|
|
|
|
Tenofovir Alafenamide for Pregnant Chinese Women with Active
Chronic Hepatitis B: A Multicenter Prospective Study
|
|
|
Download the PDF here
Dec 10 2021
Here, we report the safety and effectiveness profiles in pregnant women with active CHB and their infants when TAF is administered throughout gestation or beginning in the early phase of pregnancy.
This multicenter prospective study was conducted in 11 public referral hospitals in China. All chronic HBV-infected pregnant women and women contemplating pregnancy were assessed for eligibility from January 1, 2019, to March 31, 2020. Pregnant women with active CHB who were treated with TAF or tenofovir disoproxil fumarate (TDF) were enrolled, and those pregnant women and their infants were followed until at least postpartum months 6 and 7, respectively. The final follow-up date was September 30, 2021.
At the 7-month visit for infants, no infant was positive for HBsAg, i.e., the MTCT rate was 0%. Additionally, 101 (99.0%) and 104 (100%) infants were positive for anti-HBs, with mean levels of 404.9 (± 285.3) and 411.0 (± 253.8) mIU/ml in the TAF and TDF
groups, respectively. Notably, the abovementioned anti-HBs levels may be underestimated because 7 and 6 infants' anti-HBs levels were reported as "> 1000 mIU/ml" in the TAF and TDF groups, respectively, and were calculated as 1000 mIU/ml.
Although infants born to pregnant women with chronic HBV infection share the same immunization prophylaxis procedures, pregnant women who had active CHB require longer or even indefinite durations of antiviral treatment, and pregnant women with inactive chronic HBV infection only need definite short-term antiviral prophylaxis. Therefore, safety is the priority for pregnant women with active CHB who require long-term therapy. As shown in the present study, a mean of two years of TAF treatment is well tolerated with no major safety concerns and presents favorable effectiveness for pregnant women with active CHB who initiated TAF before or beginning in the early
phase of pregnancy. Additionally, no congenital defects or malformations were observed in live infants at birth after approximately full gestational TAF exposure. Unsurprisingly, the MTCT rate was 0% in combination with standard HBV immunoprophylaxis for infants.

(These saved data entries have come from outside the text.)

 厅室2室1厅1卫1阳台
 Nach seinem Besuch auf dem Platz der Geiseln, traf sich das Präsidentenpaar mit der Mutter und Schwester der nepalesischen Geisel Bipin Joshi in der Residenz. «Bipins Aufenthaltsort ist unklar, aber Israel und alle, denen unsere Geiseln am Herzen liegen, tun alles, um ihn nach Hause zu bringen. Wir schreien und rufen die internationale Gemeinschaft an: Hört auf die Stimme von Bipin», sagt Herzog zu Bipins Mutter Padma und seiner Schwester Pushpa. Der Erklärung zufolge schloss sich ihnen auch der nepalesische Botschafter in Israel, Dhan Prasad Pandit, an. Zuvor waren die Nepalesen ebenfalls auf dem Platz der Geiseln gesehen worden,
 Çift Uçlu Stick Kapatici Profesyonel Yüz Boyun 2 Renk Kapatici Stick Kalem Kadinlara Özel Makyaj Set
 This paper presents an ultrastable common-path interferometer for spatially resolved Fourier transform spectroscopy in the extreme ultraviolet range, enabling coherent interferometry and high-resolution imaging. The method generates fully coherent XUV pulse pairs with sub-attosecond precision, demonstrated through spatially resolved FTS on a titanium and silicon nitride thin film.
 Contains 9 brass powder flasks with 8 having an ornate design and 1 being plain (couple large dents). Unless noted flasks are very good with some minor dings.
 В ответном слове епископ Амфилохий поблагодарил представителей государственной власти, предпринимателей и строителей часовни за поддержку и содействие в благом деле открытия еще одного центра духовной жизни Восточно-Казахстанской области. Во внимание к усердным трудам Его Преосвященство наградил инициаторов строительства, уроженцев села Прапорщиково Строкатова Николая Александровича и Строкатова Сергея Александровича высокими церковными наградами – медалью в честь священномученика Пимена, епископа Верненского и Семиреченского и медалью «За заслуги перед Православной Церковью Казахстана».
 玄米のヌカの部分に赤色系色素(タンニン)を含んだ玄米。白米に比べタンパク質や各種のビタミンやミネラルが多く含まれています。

Regarding the effectiveness concerns in this study, unexpectedly, two pregnant women with virological breakthrough both had excellent TAF compliance (Supplementary Table 4). Based on the extensive discussion by our team, we decided to continue TAF monotherapy for the pregnant woman with an "entecavir switch to TAF". Fortunately and even confusingly, her HBV DNA decreased to undetectable
levels approximately 4 months later and thereafter. Additionally, we deliberatively decided to add lamivudine to TAF because the pregnant women who switched from the entecavir and TDF combination to TAF due to her previously poor response to either entecavir or TDF monotherapy. Fortunately, and even expectedly, her HBV DNA level decreased to undetectable levels approximately 3 months later and thereafter. These management strategies may be used in a similar situation in the future. Although we did not determine the cause of virological breakthroughs, detection errors for HBV DNA levels cannot be completely excluded in the entecavir-treated pregnant woman,
and previous poor response experiences and switchover to TAF monotherapy may be the cause in another pregnant woman.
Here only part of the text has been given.